[Materials provided]
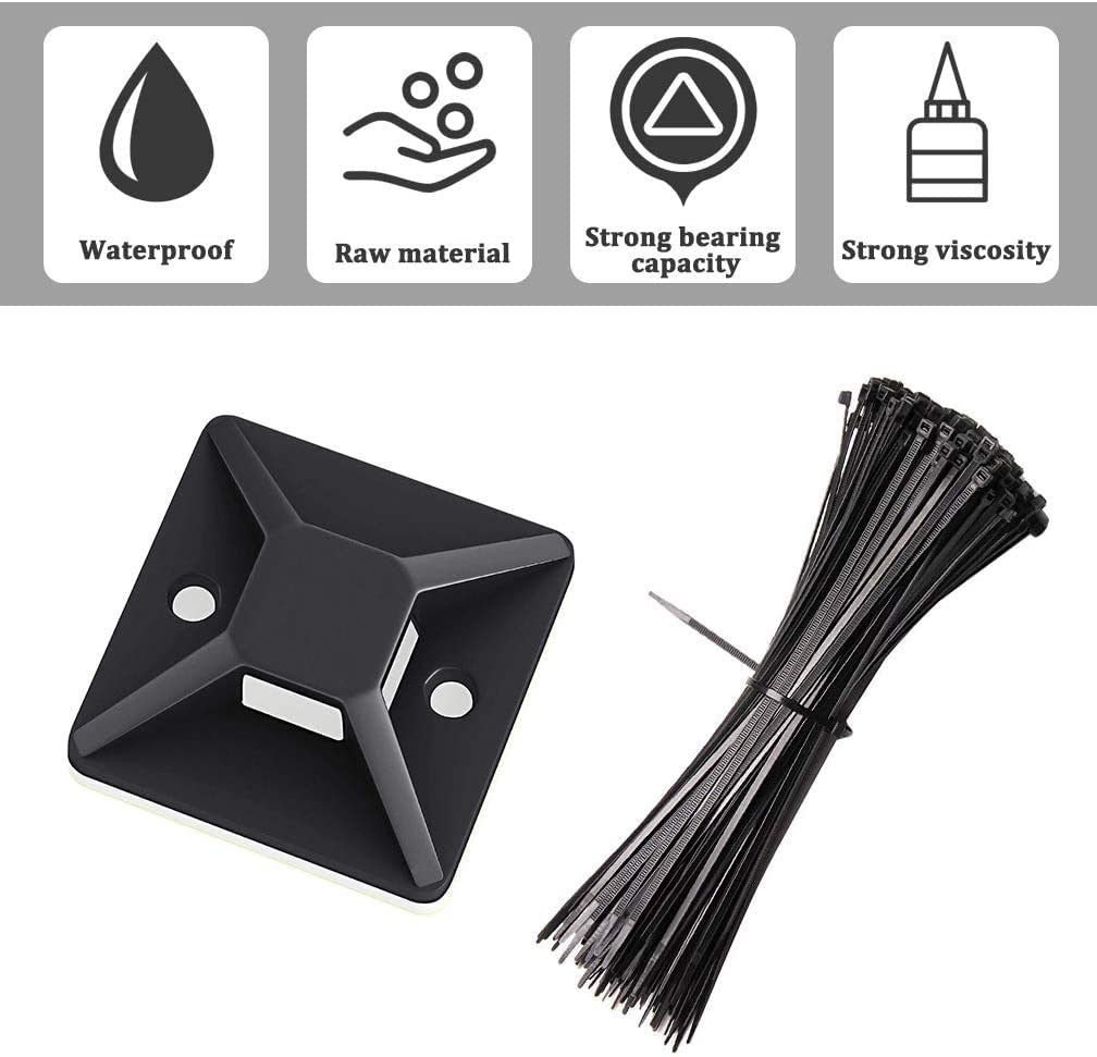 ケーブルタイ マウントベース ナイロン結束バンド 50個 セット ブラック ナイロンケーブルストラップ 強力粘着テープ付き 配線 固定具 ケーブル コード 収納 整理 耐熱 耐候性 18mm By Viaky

==

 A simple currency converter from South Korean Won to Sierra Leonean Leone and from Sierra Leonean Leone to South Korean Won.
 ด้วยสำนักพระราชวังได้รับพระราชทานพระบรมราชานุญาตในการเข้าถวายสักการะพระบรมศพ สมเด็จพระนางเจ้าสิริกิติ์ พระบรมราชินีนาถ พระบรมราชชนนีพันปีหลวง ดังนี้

==

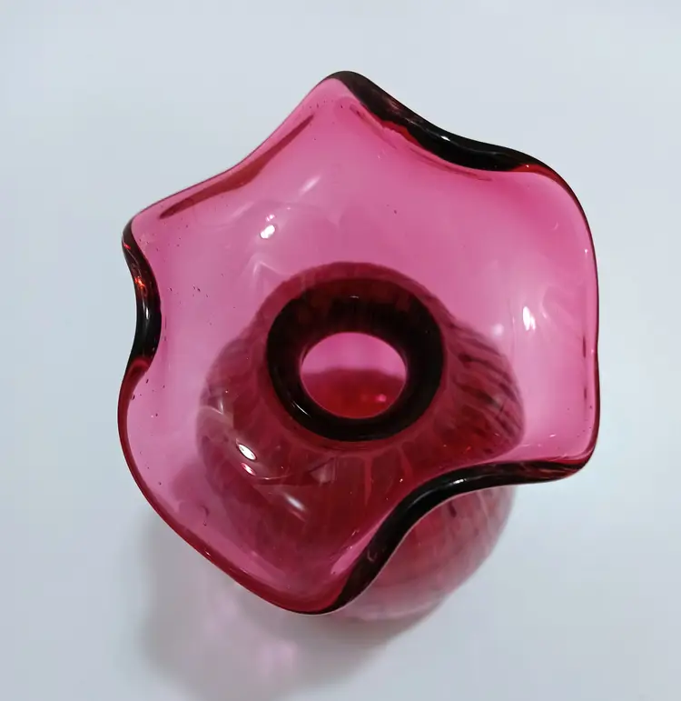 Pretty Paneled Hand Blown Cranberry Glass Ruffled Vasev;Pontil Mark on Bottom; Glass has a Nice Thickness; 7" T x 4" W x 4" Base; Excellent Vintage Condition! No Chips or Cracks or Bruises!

[Directions] Only the lines from the one containing "A simple currency" through the one containing "พระบรมราชินีนาถ พระบรมราชชนนีพันปีหลวง ดังนี้" are to be retyped, both boundary lines included, with no other material.

[Finished task]
 A simple currency converter from South Korean Won to Sierra Leonean Leone and from Sierra Leonean Leone to South Korean Won.
 ด้วยสำนักพระราชวังได้รับพระราชทานพระบรมราชานุญาตในการเข้าถวายสักการะพระบรมศพ สมเด็จพระนางเจ้าสิริกิติ์ พระบรมราชินีนาถ พระบรมราชชนนีพันปีหลวง ดังนี้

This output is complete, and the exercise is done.